Tuesday, August 16, 2011

Albeit with a soupçon of envy

(We talk a great deal on Ken Russell's You Tube clips Here are comments and some responses from You tube about Mahler that I really appreciated and enjoyed.)

I actually like slower films, like antonioni or traffaut. But there is something about Ken Russell that is magical. For me he is the closest thing to the bombastic silent film directors to make films in the sound era. I can totally imagine The Devils as a silent film.

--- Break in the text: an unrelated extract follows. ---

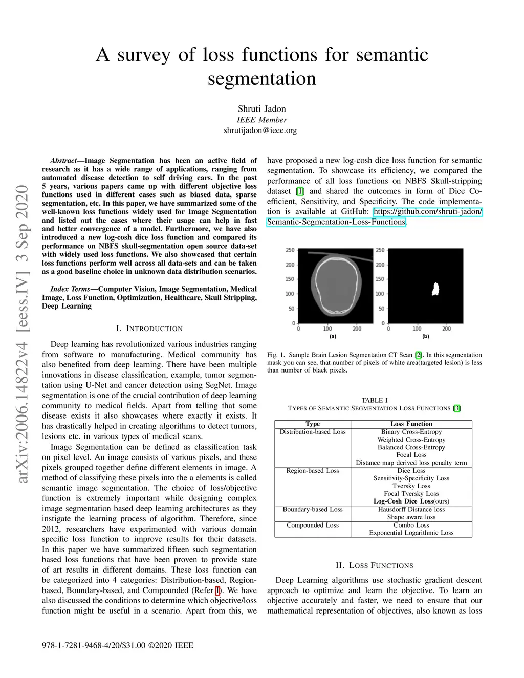 Image Segmentation has been an active field of research as it has a wide range of applications, ranging from automated disease detection to self-driving cars. In the past five years, various papers came up with different objective loss functions used in different cases such as biased data, sparse segmentation, etc. In this paper, we have summarized some of the well-known loss functions widely used for Image Segmentation and listed out the cases where their usage can help in fast and better convergence of a model. Furthermore, we have also introduced a new log-cosh dice loss function and compared its performance on the NBFS skull-segmentation open-source data-set with widely used loss functions. We also showcased that certain loss functions perform well across all data-sets and can be taken as a good baseline choice in unknown data distribution scenarios. Our code is available at Github: https://github.com/shruti-jadon/Semantic-Segmentation-Loss-Functions.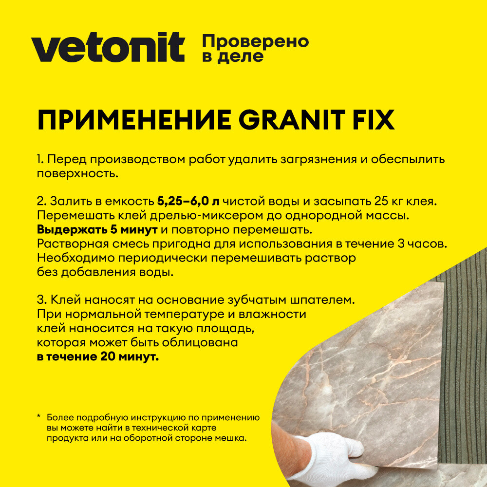 Клей для плитки/ керамогранита/ мозаики Vetonit Granit fix серый класс C2 T 25 кг

Watched this yesterday and I'm still thinking about it. What it does that I've never seen anything else do as acutely is show two people, with the best will in the world, tragically failing to communicate because of the way their personal experiences have shaped their viewpoints. At the start they're so estranged that they seem like monsters of froideur. By the end we understand them and finally, they understand each other – thanks to music. [more]

  • A very interesting movie, combining seriousness with camp. Powell is very good as Mahler, and a few years later he played Jesus Christ in Zeffirelli's excellent "Jesus of Nazareth". I guess if you can play Christ convincingly, everything else becomes a cinch!
    Thanks for uploading this!

    What a travesty. Stupid,banal, tasteless and an insult to Mahler. the fact it's consciously banal doesn't make it any better. Oh yes so over the top it's hilarious but I am somewhere between tears and laughter. Ken Russell is the anti Tarkovsky

    You raise an interesting thought; Ken Russell is the anti-Tarkovsky. By being so excessive at being calculatedly over the top, Russell allows the intellectual cinema viewer to have a good laugh at themselves Tarkovsky, on the other hand, is excessive at being ponderously serious. One arisian shows humanity as something tragic, the other as something laughable.
    Thanks for the post and making me think about those two.

    I actually saw the movie several times because of Robert Powell. It brought Mahler to my atention ant I beggined listening to his music. I also got interested in his biography. I came to appreciate both the composer and his music. Since I came to know and appreciate Mahler first of all because of this movie, I believe both Robert Powell and Ken Russel have done a great job, and the movie really reached its goal. To let people know about Mahler and his music.

    Thanks for the upload. I thought is was a pretty crude attempt, frankly. Russell reduces key points in Mahler's like to absurdity. I'm not sure a movie could do someone like a Mahler justice, even if it's one man's "vision" of this genius of late romantic / modern music. His relationship with Alma was for more complex than Russell gives us. Alma was far more than a simple "hausfrau." She was a highly educated and beautiful woman who had notions of a career in music herself.

    I like the campy dream sequence bits, but it's almost a shame they're there because they give Russell this reputation for being a sort of trash king and overshadow the genuine intelligence of his story. Anyway, thanks very much for posting this.